Capa do livro Os Segredos do Gim

Aprova foi feita às cegas. Participaram dela José Osvaldo Amarante, autor do livro Os Segredos do Gim; Marcos Lee, sócio do Bar.; Mário Rodrigues, amante de gim e proprietário do Empório Frei Caneca; e Ale D’ Agostino, bartender e proprietário do bar Apothek.

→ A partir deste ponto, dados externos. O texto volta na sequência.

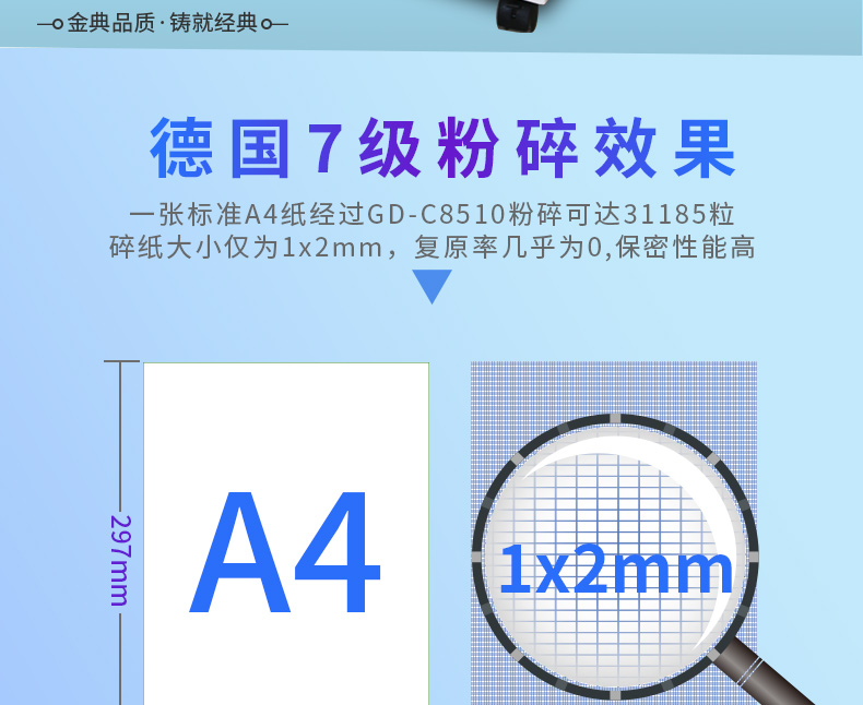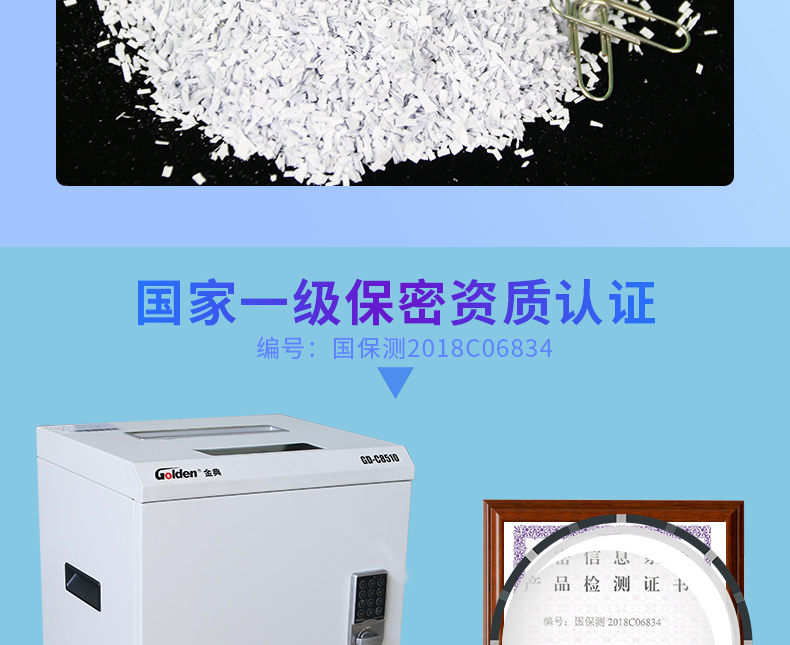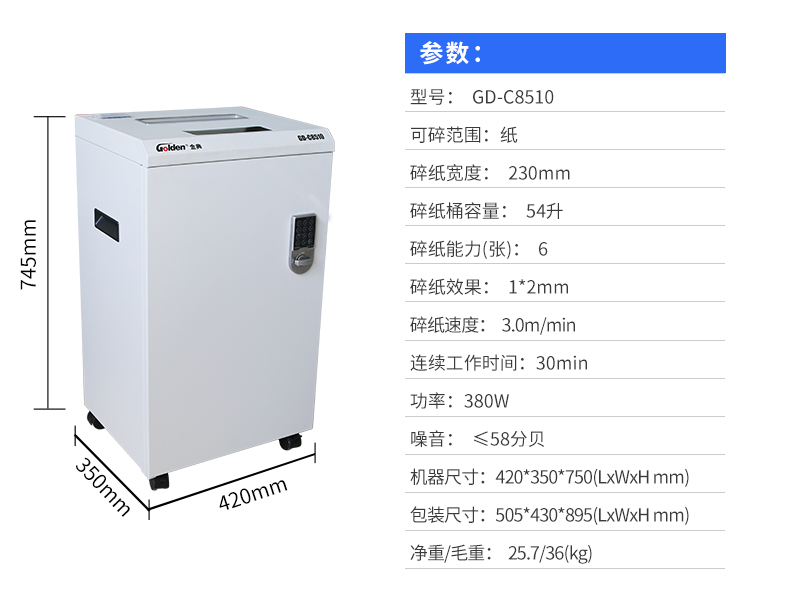 商品名称:金典(GOLDEN)GD-C8510碎纸机 高保密碎纸机 大容量碎纸机
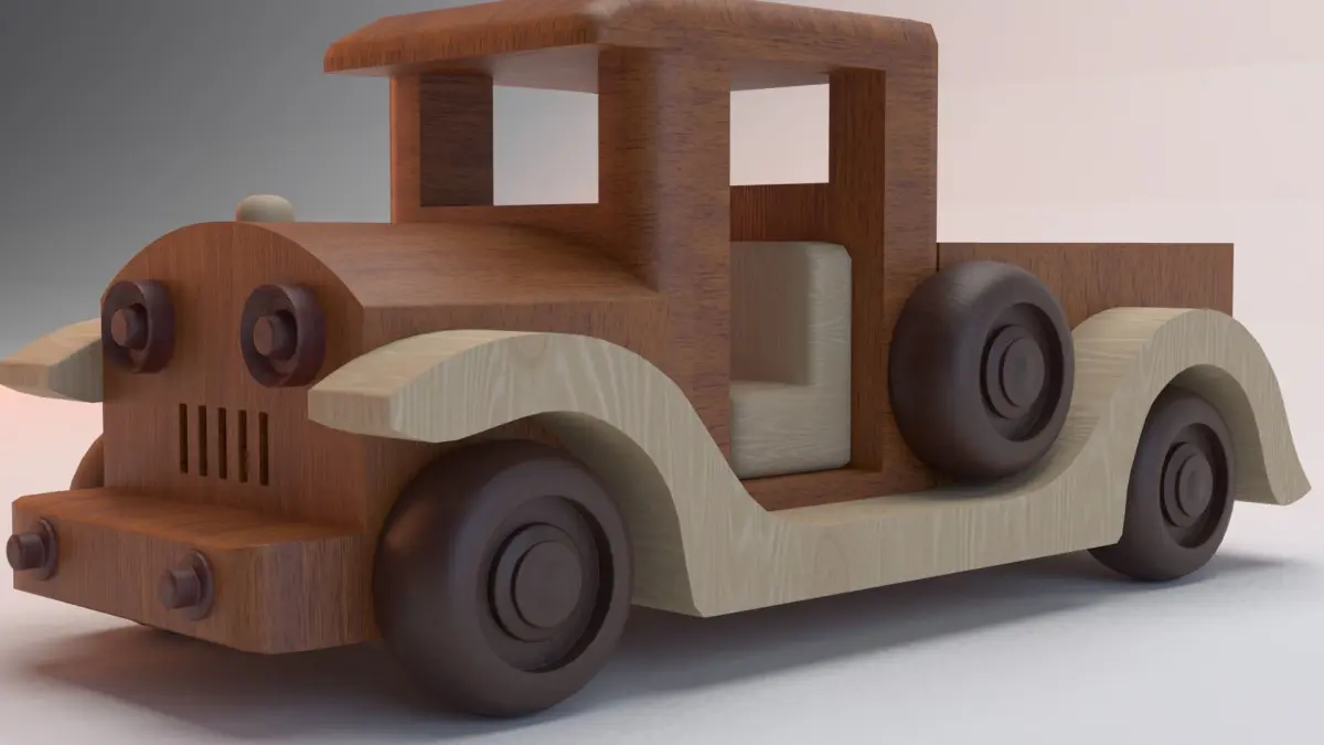 Here is an example of a wooden toy car inspired by the 1920s design. All parts of the machine are divided and individually personable. The .blend file contains all the textures used. For other software unpack the archive named Textures.rar

Bartender Ale D’ Agostinho

 

PROVA DE GINS BRASILEIROS:

VIRGA
É produzido em alambiques de cobre em Pirassununga interior de SP. Tem entre seus idealizadores Felipe Januzzi, nome por trás do Mapa da Cachaça. A aguardente inclusive entra na receita junto com outros botânicos brasileiros. O resultado é um destilado que se afasta do sabor do gim tradicional. R$ 109 (750 ml) no site da marca.


SEAGER’S SILVER
A versão premium do único gim brasileiro que está no mercado há mais de 80 anos (sem prestígio), foi a campeã da prova. É o único gim feito industrialmente por aqui, mas isso não interfere na qualidade. Venceu pelo equilíbrio aromático. “Um gim com alma de gim”.  R$ 77 (750 ml) no Varanda.


TORQUAY
Grande surpresa na degustação foi o gim produzido pela destilaria Stoliskoff, de São Roque, que também faz cachaça e vodca. Tem aromas simples mas equilibrados e surpreende na boca. Um gim tradicional que vai bem em qualquer drinque. R$ 75 (750 ml) no Pão de Açúcar.


JUNGLE
Lançado há pouco menos de uma mês, é produzido em Camanducaia, Minas Gerais, em alambiques de cobre. Leva sete botânicos tradicionais na sua composição, mas é o zimbro que se destaca tanto no nariz como na boca, com toques florais. R$ 95 (750 ml) no site da marca.

BEG
Produzido em Campinas, já está na carta de alguns bares como o Le Jazz, mas chega às lojas nas próximas semanas. O aroma de álcool é predominante no nariz, mas na boca é bem equilibrado. A receita indica botânicos “exóticos” como cumaru e pacová,  porém o sabor marcante é dos cítricos. R$ 120 (750 ml)

DRACO
Lançado há pouco mais de um ano, este gim é produzido a partir de milho e sorgo em uma destilaria de Pirassununga, no interior de São Paulo. A receita é inspirada nos clássicos ingleses e leva botânicos tradicionais, como angélica e cardamomo. Tem aroma e sabor bem equilibrados, com final floral agradável. Um gim para vários usos. R$ 110 (750 ml) no Empório Frei Caneca

AMÁZZONI
A receita que conta com 11 botânicos é do bartender argentino radicado no Rio, Tato Giovannoni. É o primeiro artesanal produzido em uma destilaria exclusivamente de gim, no interior do Rio de Janeiro, da própria marca. Na boca, os botânicos não aparecem. Mas tem picância agradável. R$ 120 (750 ml) no ginclub.com.br

VITÓRIA RÉGIA
O único com selo de certificação de orgânico, este gim é produzido pela mesma destilaria da cachaça Yaguara. É elaborado a partir de cana-de-açúcar e conta com quatro botânicos, além do zimbro. Ainda assim, faltam aromas. Na boca, o sabor é marcado pelo excesso de álcool. R$ 80 (750 ml) no bebidasfamosas.com.br

ARAPURU
Criado por um eslovaco e com nome tupi-guarani, leva onze botânicos na receita, entre eles os brasileiros imbiriba, puxuri e pacová. No nariz e na boca o resultado é um pouco desequilibrado, com excesso de aromas que “estouram” na boca. Harmonizá-lo é desafiador. R$ 130 (750 ml) no site da marca

MINNA MARIE
Produzido por uma microdestilaria de cachaça, a Hof, de Serra Negra, esse gim chegou ao mercado há poucas semanas em duas versões, um tradicional e outra com passagem por barrica de carvalho americano. Em ambas as versões, o sabor é condimentado, marcado pelos botânicos, em especial o anis-estrelado. R$ 95 (750 ml) no  Bar G&T.